Michel Doukeris: Hey. Thank you for the question. I think that the first point is really a matter of and instead of and instead of or. So, I think that we need to be able to invest in the core and renovate, create excitement around our core brands. As you said, best-class work being done in Brazil for Brahma Duplo Malte. If you think about Cass in Korea, incredible results, Victoria and Modelo in Mexico doing extremely well. At the same time, because we know that we have penetration opportunities, and we can gather more consumers and be present in more occasions. We need to continue to innovate in this Beyond Beer space that offers us incredible opportunities for growth, especially with female consumers and sources a lot from liquor and from wine.

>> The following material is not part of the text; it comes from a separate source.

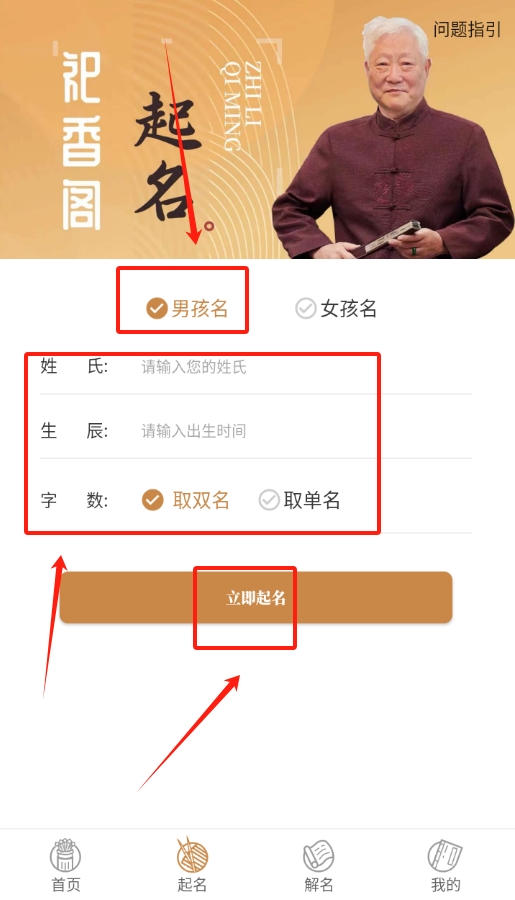 2、 要是给男生起名,就点 “男生” 选项,输入姓氏、出生时间和想要的字数,再点 “立即起名”。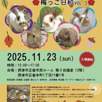 保護うさぎ譲渡会 保護うさぎさんに逢おうの会~梅っこ日和~Vol.3【11/23】 2025年10月28日 20:00 今回は11月23日(日・祝) 開催の 「保護うさぎさんに逢おうの会 〜梅っこ日和 Vol.3〜」のお知らせです。 2月から始まった「梅っこレスキュー」のうさぎたちによる、3回目の譲渡会を開催します。 これまでの譲渡会では、たくさんの梅っこたちが新しいおうちとのご縁をつなぐこ ...

One of the key learnings, I can talk about this for a long time, but I — I’ll try to get to you the biggest learning that we had so far because of the timing the other questions that we’d like to talk about is really that when we create new brands that are catered to this consumer and to the occasions that we want to gain share, they work better in the long term. They start — is lower than when you extend brands from our core brands, but they build a much more sustainable model. And the learnings that we’ve been having on that — they go from Brutal Fruit in Africa to BEES in Brazil to what we’ve been seeing with Cutwater and NÃTRL in North America from Canada and the U.S. And those brands, they are champions of the future that we are investing consistently to build.
It’s a very, very good way to expand the portfolio. It’s aggressive because they go outside of our core and they interact with new consumers, but is much more sustainable. And we’ve been doing things both ways, when we need to do something fast, using our core brands, extension lines, but we’ve been doing also creating new-to-the-world brands, and they are doing very well. And this is true in the physical world. I just gave you examples NÃTRL, Brutal Fruit and it’s even more true in the digital space. For example, what we are doing in TaDa now in the direct-to-consumer ecosystem is a multi-country already born global brand. We’re are in 11 countries, expanding very quickly, is a very powerful value proposition to consumers, a brand that is being built at fast stellar pace.

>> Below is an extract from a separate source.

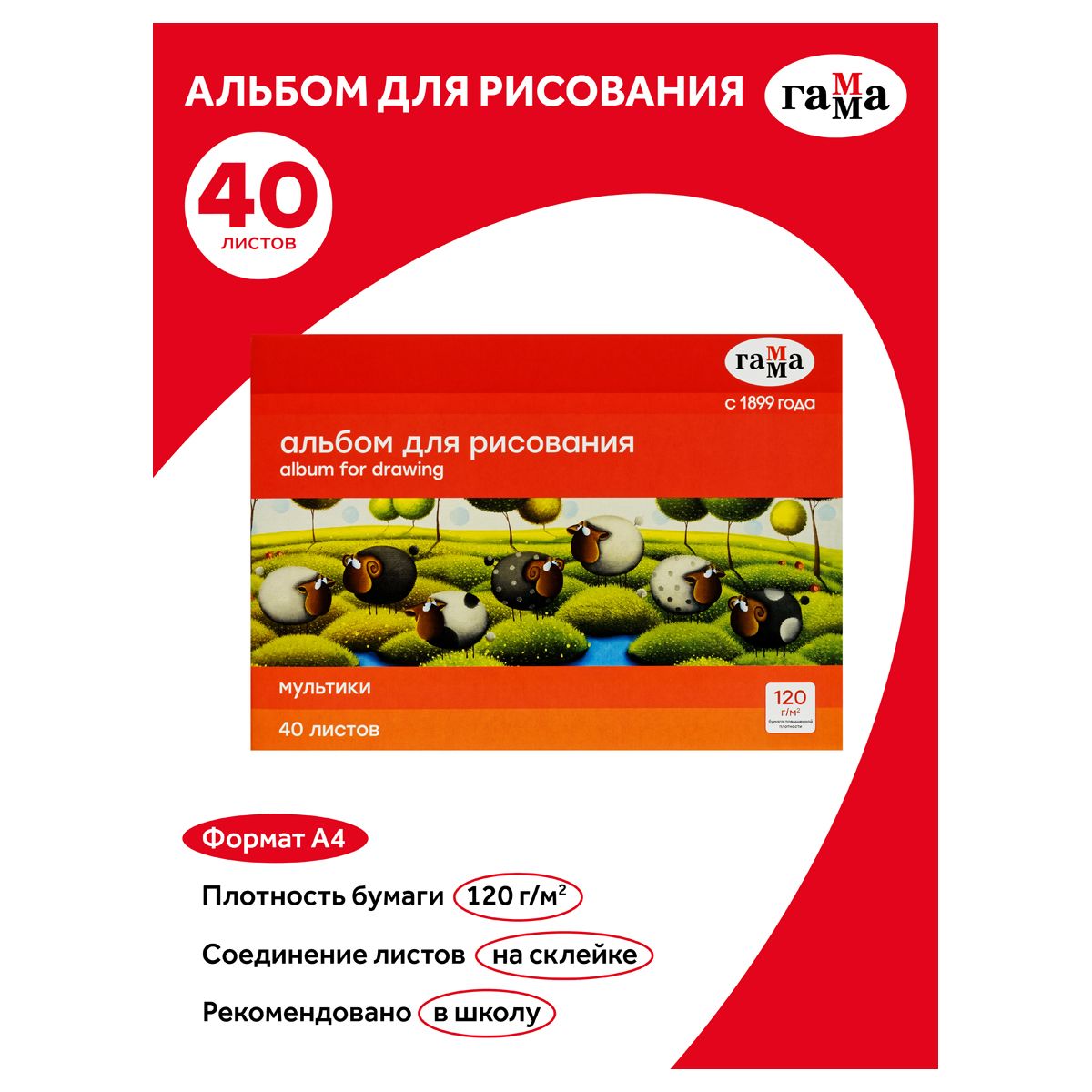 Альбом для рисования 40л., А4, на склейке Гамма "Мультики", 120г/м2

And we are very happy with both examples, physical but also digital products that we are creating.
Operator: Our next question is coming from the line of Trevor Stirling with Bernstein.

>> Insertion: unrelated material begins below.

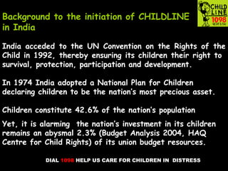 The document discusses the background and rationale for CHILDLINE India, which is a 24-hour phone service for children in need of care and protection. It was established in 1996 in response to the large number of children without access to services. The toll-free number 1098 connects callers to local call centers that dispatch emergency responders within 60 minutes. CHILDLINE now has over 150 call centers across India and responds to millions of calls annually, providing services to vulnerable children. The organization aims to establish a child-friendly nation by protecting children's rights through advocacy, awareness, and integrated efforts across government and nonprofit groups.

Trevor Stirling: Two questions from my side, please. The first one, Michel, you highlighted that volumes are up almost 6% compared to 2019. I think by my calculations, revenues are up 24%, but margins are down — EBITDA margin is down about 600 bps. How much of that do you think you can get back? I appreciate there have been input cost pressures, transactional FX, negative operating leverage from COVID. But how much is it realistic to get back and over what time frame, especially since — guess, implicitly, you expect more margin compression in 2024? And the second question, maybe one more for Fernando. The underlying EPS is up 5%. The dividend is up 50%. Is that purely a function of where we are on the deleveraging curve?